Morgan poked his head out the door and looked both ways down the hall. Wisps of extinguisher powder still hung in the air, but it was otherwise empty. “Does that give them access to Track Sixty-one?”
“Yeah,” said Rosso. “That’s the one.”
“Then it won’t be long before they blow this place,” said Morgan. He sat down next to Rosso. “We need to act. There,” he said, pointing at a monitor showing the lobby. Only one Iranian was left there, all the others having disappeared. “In that man’s hand, see?” It was something small and black, barely visible in the hotel feed. “That’s our detonator. We need to get to him before he blows this lobby sky-high.”
“All right,” said Rosso. “What’s the plan?” He winced in pain.
“You sure you’re up to it?”
“I’m not doing this out of heroism,” he said, refolding his bloody handkerchief and pressing it again to the wound. He stood up, bracing against the desk. He let go to stand only on his feet and swayed. Morgan was ready to catch him, but he didn’t fall. “I’m not getting out of here unless that guy is dead. Saving those people is the only way I make it out alive.
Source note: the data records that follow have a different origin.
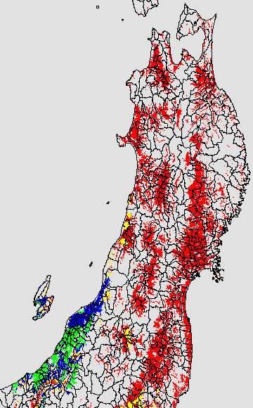 各種文献などを参考にして、分げつ形成に関する限界温度を平均気温で15℃と設定し、15℃以上については1℃刻みで表示します。過去7日の移動平均値で示す。分げつの形成が遅延すると予想される地域を監視するものです。
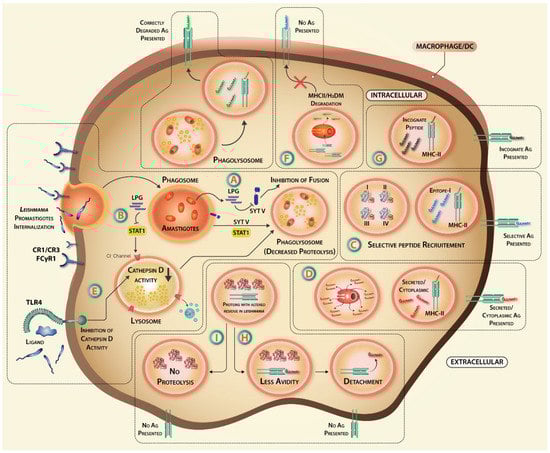 Leishmania-dependent factors affecting antigen priming leading to inefficacy of vaccination. Upon entry into the macrophages, (A) Leishmanial lipophosphoglycan (LPG) inhibits fusion of phagosome with lysosome via inhibition of SytV recruitment. (B) It also inhibits STAT-1, which is responsible for maintenance of conductivity of Cl- ion channels for phagosomal acidification following phagolysosome formation. (C) Amastigote-expressing proteins, which have high turnover during infection, can trigger intracellular competition among the peptides and influence determinant selection. (D) Cytoplasmic and secretory proteins of parasites have better chances of being processed and presented, inducing a bias towards the antigens to be predominantly presented to T cells. (E) TLR4-induced inhibition of Cathepsin D activity may reduce protein processing ability. (F) MHC-II and H2-DM molecules are taken up by amastigotes inside phagolysosome and degraded. (G) Infection-induced loading of incognate peptides instead of Leishmanial peptides can affect antigenic loading on MHC molecule. (H,I) Leishmanial antigens that may have substitutions in anchor residues or protease cleavage sites may either bind weakly to MHC-II, become resistant to action of proteases, or may function as altered peptide ligands, if selected for presentation to T cells.
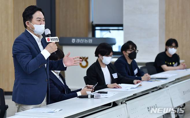 [경산=뉴시스] 이무열 기자 = 원희룡 국민의힘 대선 경선 후보가 29일 오후 경북 경산시 경산농협 본점 대회의실에서 열린 국민의힘 영남캠퍼스 총회에 참석해 인사말을 하고 있다. 2021.09.29. lmy@newsis.com
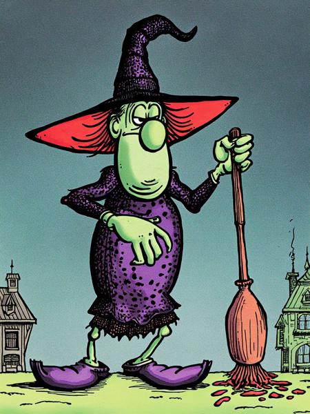 - d0nm4rt1n. Whimsical cartoon illustration in the style of Don Martin. The Wicked Witch of the West
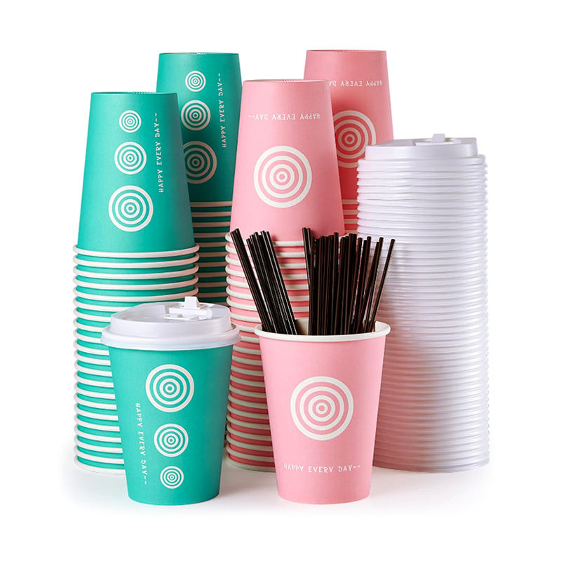 Vasos de Papel Desechables Ecológicos de Pared Simple de 8oz, 12oz y 16oz con Impresión Personalizada, Vaso de Papel para Café Caliente con Mangas y Tapas
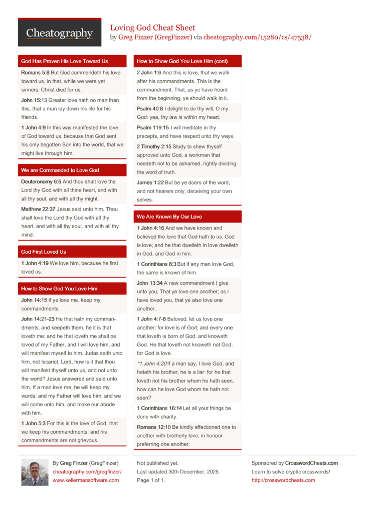 1 Corinthians 8:3 But if any man love God, the same is known of him. |
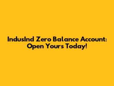 IndusInd Zero Balance Account: Open Yours Today!
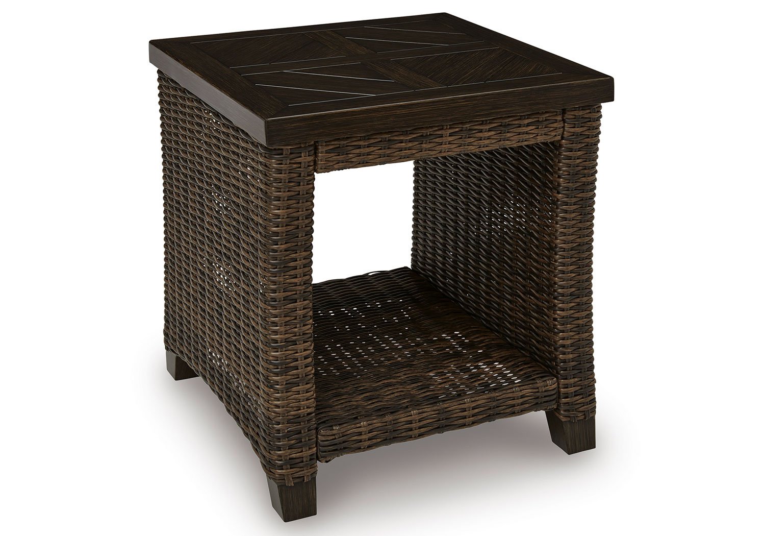 Looking for that special spot to relax and entertain on your deck or patio? Then you’ll love this outdoor end table. With beautifully textured resin wicker over a sturdy aluminum frame, it brings so much style and warmth to your outdoor space. And the hand-brushed, wood-look finish means you can spend less time worrying and more time chilling. What a smart and stylish way to create a beautiful, lasting space for everyone to enjoy.
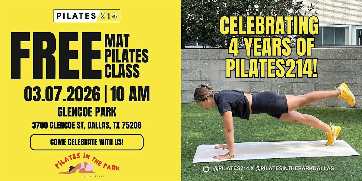 Get ready to stretch and strengthen with Pilates214 X Pilates in the Park at Glencoe Park. This energetic and full-body class is perfect for all levels. Bring your mat and let’s move together!
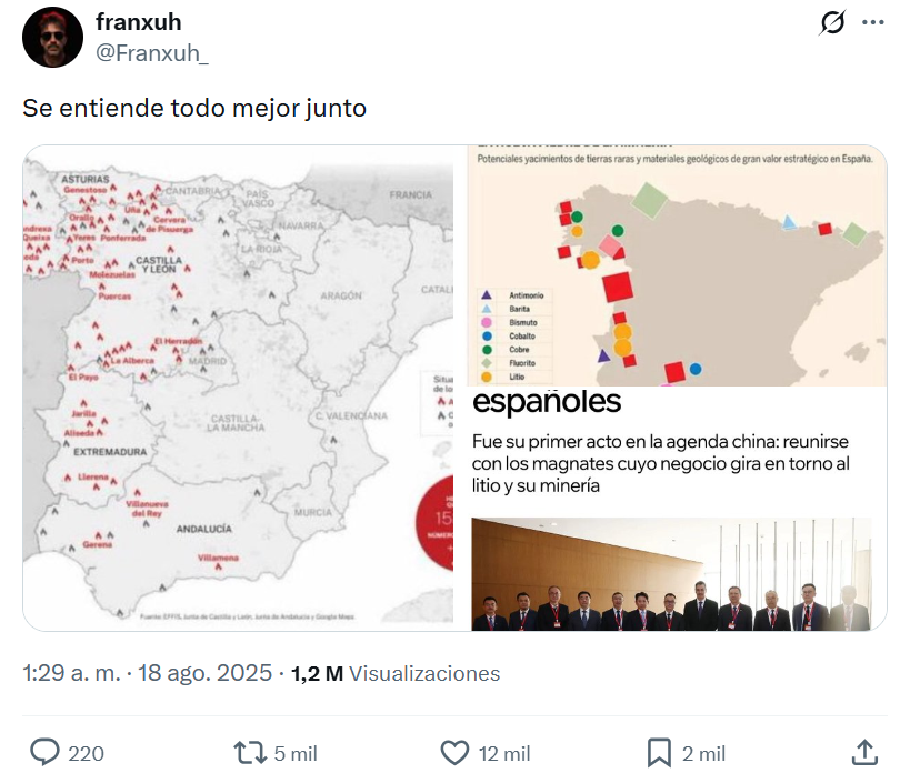 El 16 de agosto por la tarde, una usuaria de X publica varios mensajes comparando la cercanía de los incendios a yacimientos de tierras raras con la ayuda de ChatGPT. Esta es la primera aparición de mensajes asociados a esta narrativa de los que Maldita.es tiene constancia. Esa noche ElDiestro, una cuenta de Telegram, publica un mapa de los incendios y otro de yacimientos de tierras raras en España acompañados de la frase “estos son los verdaderos motivos de los pirómanos”. El mensaje enlaza a un vídeo de YouTube donde comenta los tuits de la usuaria anterior. En conjunto, esas tres publicaciones no superan las 30.000 visitas. Un día y medio después, el 18 de agosto a la 1:29 de la madrugada, otro usuario transmite la misma idea en X usando los mismos mapas que ElDiestro y la noticia de una reunión entre Pedro Sánchez y los magnates chinos del litio. El tuit alcanza más de un millón de visitas.
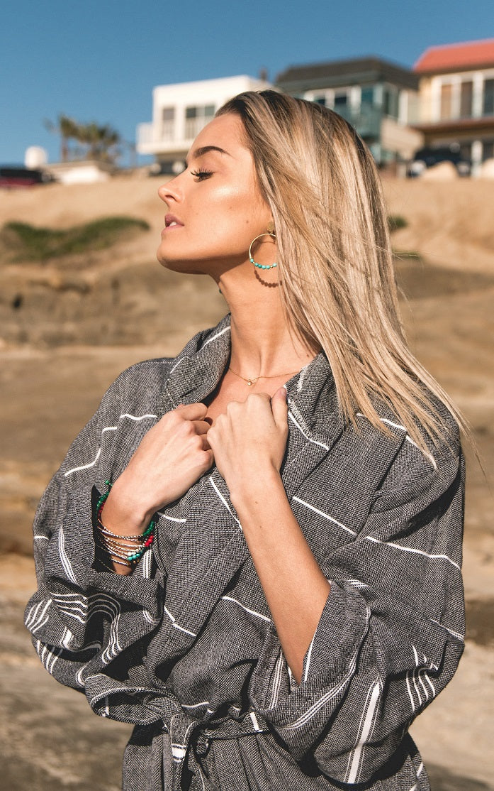 Monaco robe has a timeless and luxurious soft feel, perfect for all seasons. Tailored for comfort with wide kimono style sleeves, deep pockets and a long belt. Use as a coverup post shower or swim or a comfortable and stylish kimono style robe as daywear.
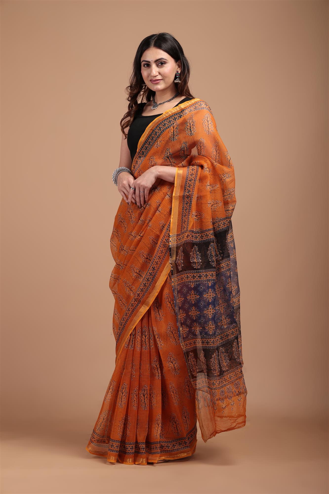 Printed pure Kota doriya saree with golden border (With blouse ) Saree-5.5 mtr Blouse -0.80cm
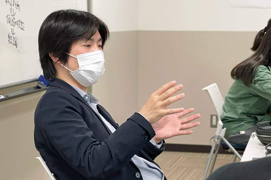 関係性の濃度としては、少ない人数でどれだけ時間を共有しているか、というのが影響していると思います。例えば、高校生はクラスがあって、「同じクラスの子」は、それだけで他のクラスの子よりも親近感を覚えます。もちろん、自分たち「関学生」っていう大きい集団にも(所属意識を)持てるけど、クラスっていう社会的アイデンティティ※1を持っていると、その中のメンバーに対して愛着を覚えますよね。所属する規模が小さければ、規模が大きいところと比べて、比較的人に対しての愛着は大きくなりますね。(愛着でいうと)時間もそうで、高校はずっと教室で一緒だけど、大学での基礎演習※2は、結局は授業時間の毎週100分だけです。高校のクラスと比べて基礎演習には、所属意識をあまり持たないですよね。今だけの関係性っていう感じが強くて。そういう同じメンバーとどれだけ一緒にいるのかが(関係性について感じる濃度の違いとして)大きいかなと思います。テーマは部活とサークルだったと思いますけども、そういう同じメンバーでどれだけ一緒にいるかが大きいかなと思いますけど。
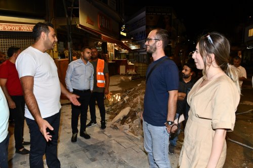 Çiğli Belediye Başkanı Onur Emrah Yıldız, Kasaplar Meydanı yolu zemin yenileme çalışmalarını sürdüren personele gece mesaisinde destek ziyaretinde bulundu. Yıldız, "Sözle değil emekle güzelleştireceğiz" dedi.
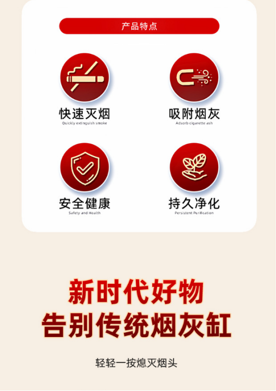 它的一次性设计,用完直接扔掉,干净方便,解决了清理烟灰的烦恼。 盒装设计方便携带,方便灭烟让室内空气更加清新。???? 半固态不仅能吸附烟蒂和烟灰,还能通过高分子分解烟毒,净化环境空气 大大改善传统烟灰缸对室内空气造成的二次伤害 而且用完无需处理,整体扔掉即可 环保又节约,适用场景广,值得推荐?
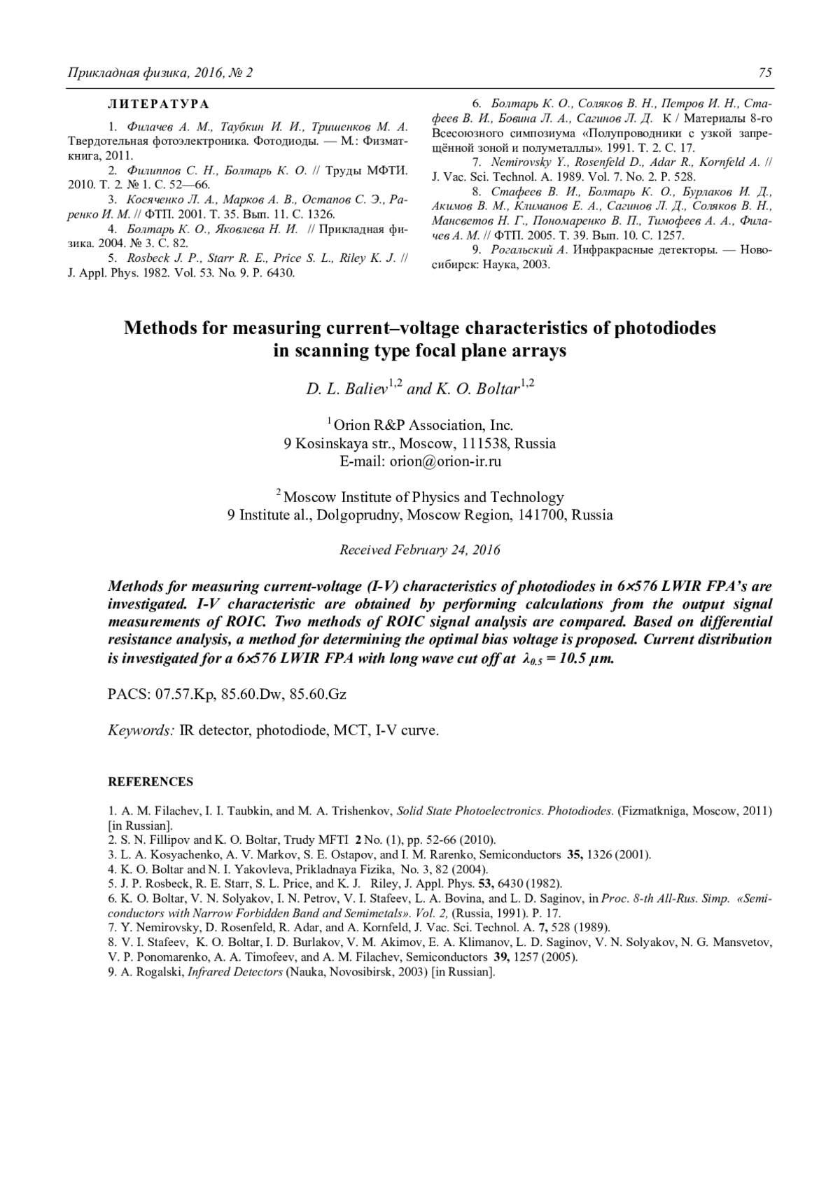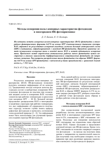 Балиев Д. Л., Болтарь К. О. Методы измерения вольт-амперных характеристик фотодиодов в многорядном ИК-фотоприемнике 71
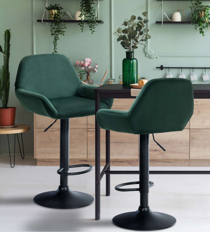 2 ks / set barová židle Braga samet černá, tmavě zelená | Tmavě zelená | 6 457 Kč
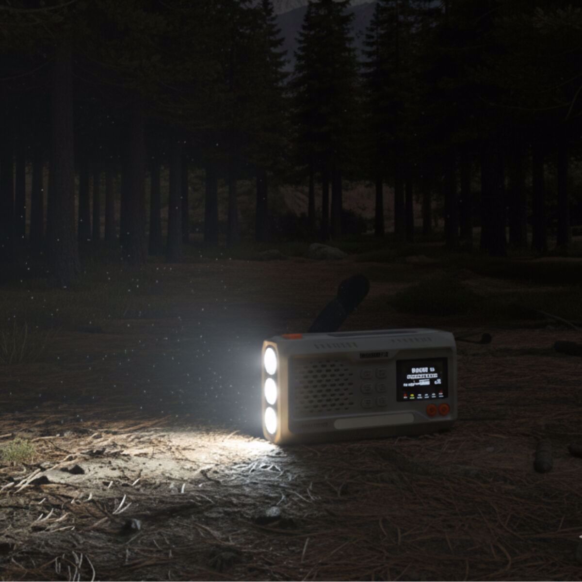 Outdoor and camping: reliable power source, lighting and radio in one.
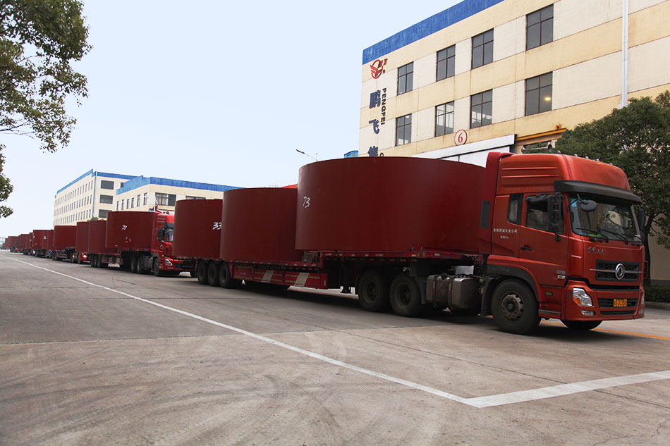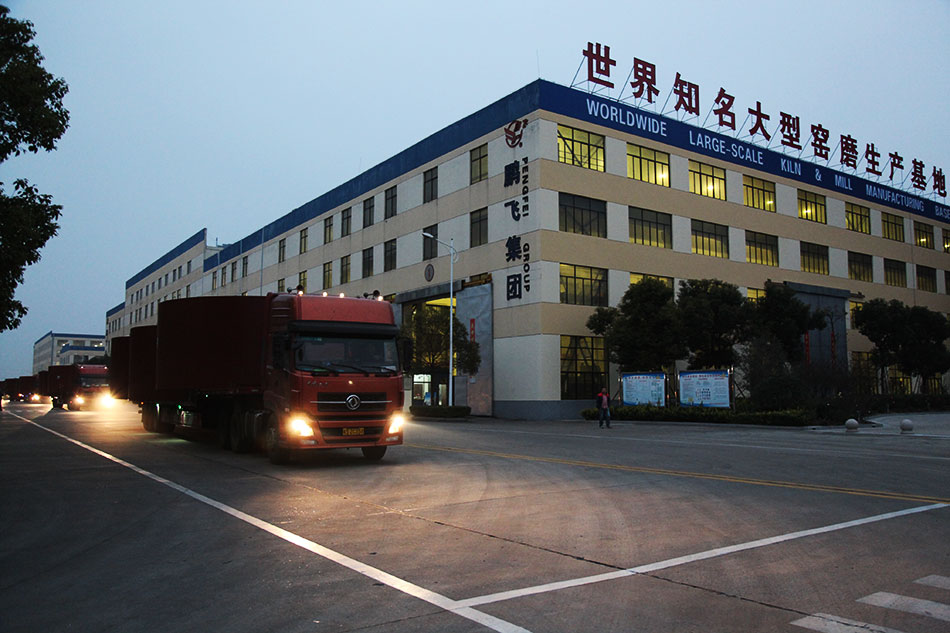 11月21日江蘇鵬飛集團股份有限公司內一片忙碌,工人師傅們?yōu)槌隹贏J5臺Φ5.4×52米回轉窯發(fā)貨做著準備。公司經(jīng)過數(shù)月的加班加點終于保質按期完成5臺Φ5.4×52米回轉窯制造。
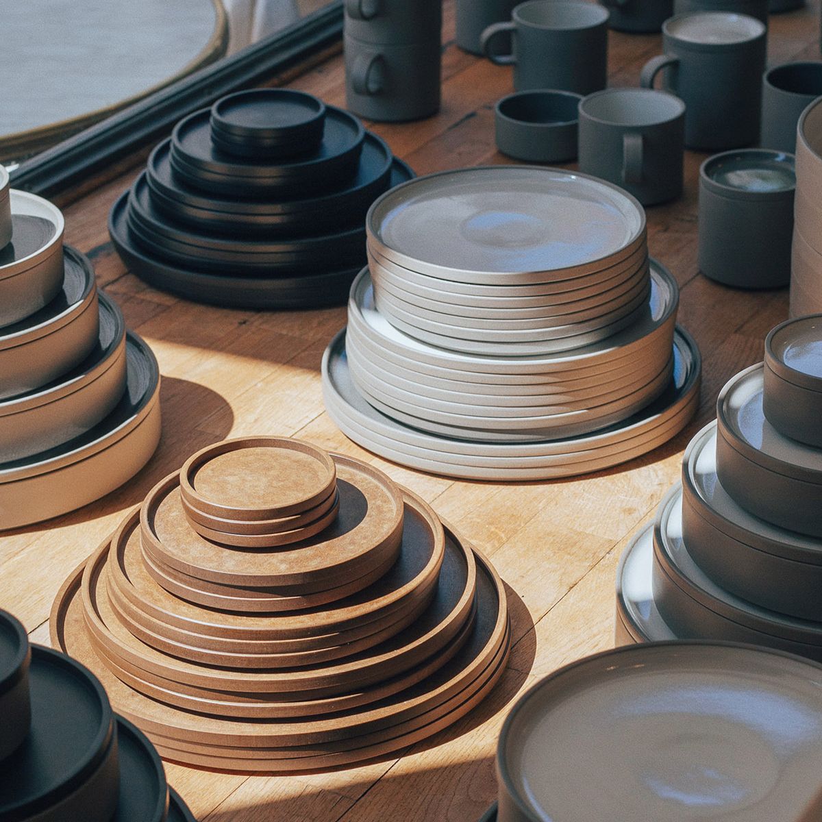 リッチライトは上質な再生紙に熱硬化性樹脂を染み込ませてつくられる素材で、汚れや水に強く衛生的。耐久性がありながら、紙が持つ自然な質感を失いません。
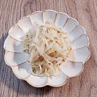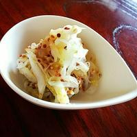 - 3 1の水気を切り、さきいかと一緒に2に入れて和えます。
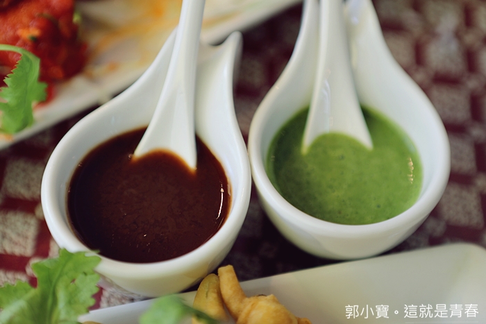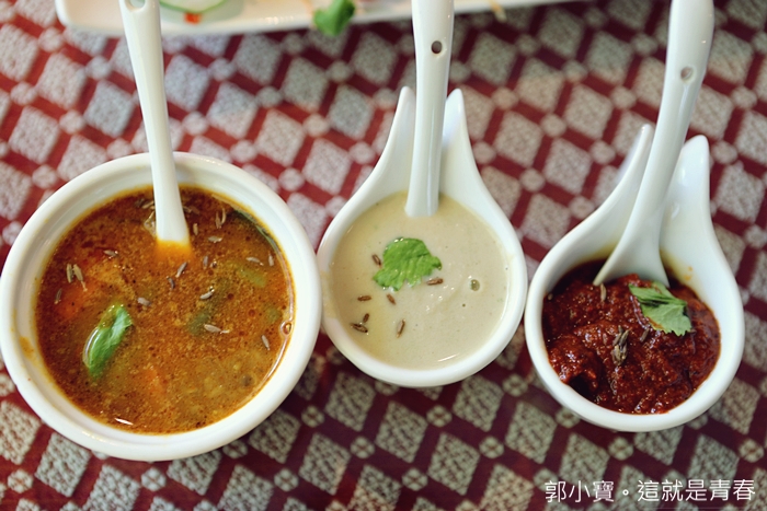 | 印度料理就是會搭配很多特製的香料醬汁,所以到最後我們也真得眼花撩亂,到底哪個醬汁搭配哪道菜都有點混亂了。 |

So that’s what I’m going to do.”
“I have an idea,” said Morgan. “Let me tell you how we’re going to do this.”
10:18 a.m.
“That’s quite a story,” Sergeant Pearson said to Frieze, half turned away from her. He towered above her, heavyset and broad shouldered. Working his bushy gray eyebrows into a scowl, he addressed two newcomers bearing tactical sniper rifles, gesturing to them with a hand like a ham. “I want you on the roof of the building across the street, and you at the Intercontinental on Forty-ninth.”
“You need to trust us,” said Conley, at her side. “Keep the Hercules teams out.”
“The Iranians will blow the explosives on the first sign of invaders,” added Frieze.